11.  Compensation Recoupment Policy. This Award shall be subject to any compensation recoupment policy applicable by its terms to Grantee that the Company may adopt from time to time to comply with the rules or regulation of any governmental authority or to comply with the rules and regulations of any stock exchange upon which the Companies’ securities are registered.

12.  Notice.  Notices hereunder must be in writing and either personally delivered or sent by registered or certified United States mail, return receipt requested, postage prepaid.  Notices to the Company must be addressed to Builders FirstSource, Inc., 2001 Bryan Street, Suite 1600, Dallas, TX 75201; Attn: General Counsel, or any other address designated by the Company in a written notice to Grantee. Notices to Grantee will be directed to the address of Grantee then currently on file with the Company, or at any other address given by Grantee in a written notice to the Company.

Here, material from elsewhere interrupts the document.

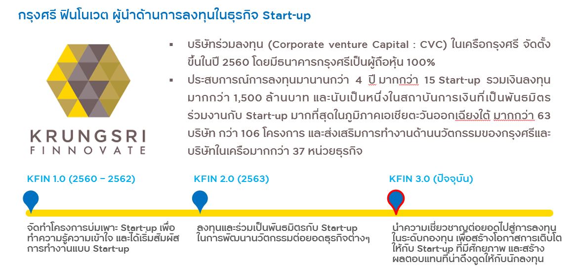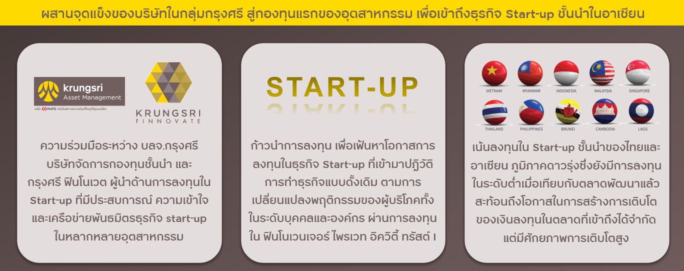 ผสานจุดแข็งของบริษัทในกลุ่มกรุงศรีเพื่อเข้าถึงธุรกิจ Start-up ชั้นนำในอาเซียน ผ่าน Finnoventure Private Equity Trust I กองทุนสตาร์ทอัพแรกของไทย บริหารโดย Krungsri Finnovate บริษัทร่วมลงทุนในเครือธนาคารกรุงศรีและผู้นำด้านการสนับสนุนและลงทุนในธุรกิจ Start-up ทั้งในระดับประเทศและภูมิภาค

13.  Entire Agreement.  This Certificate, including, without limitation, the terms and conditions set forth herein, and the Plan contain the entire agreement and understanding of the parties hereto with respect to the subject matter contained herein and therein and supersede all prior communications, representations, and negotiations in respect thereto.

14.  Confidentiality.  By accepting this Certificate and the related award, Grantee agrees to keep confidential and not to disclose to any person or entity information concerning the terms of this Certificate, the number of Options or Shares covered by this Certificate, or any transactions between the Grantee and the Company pursuant to this Certificate, except as required by applicable law.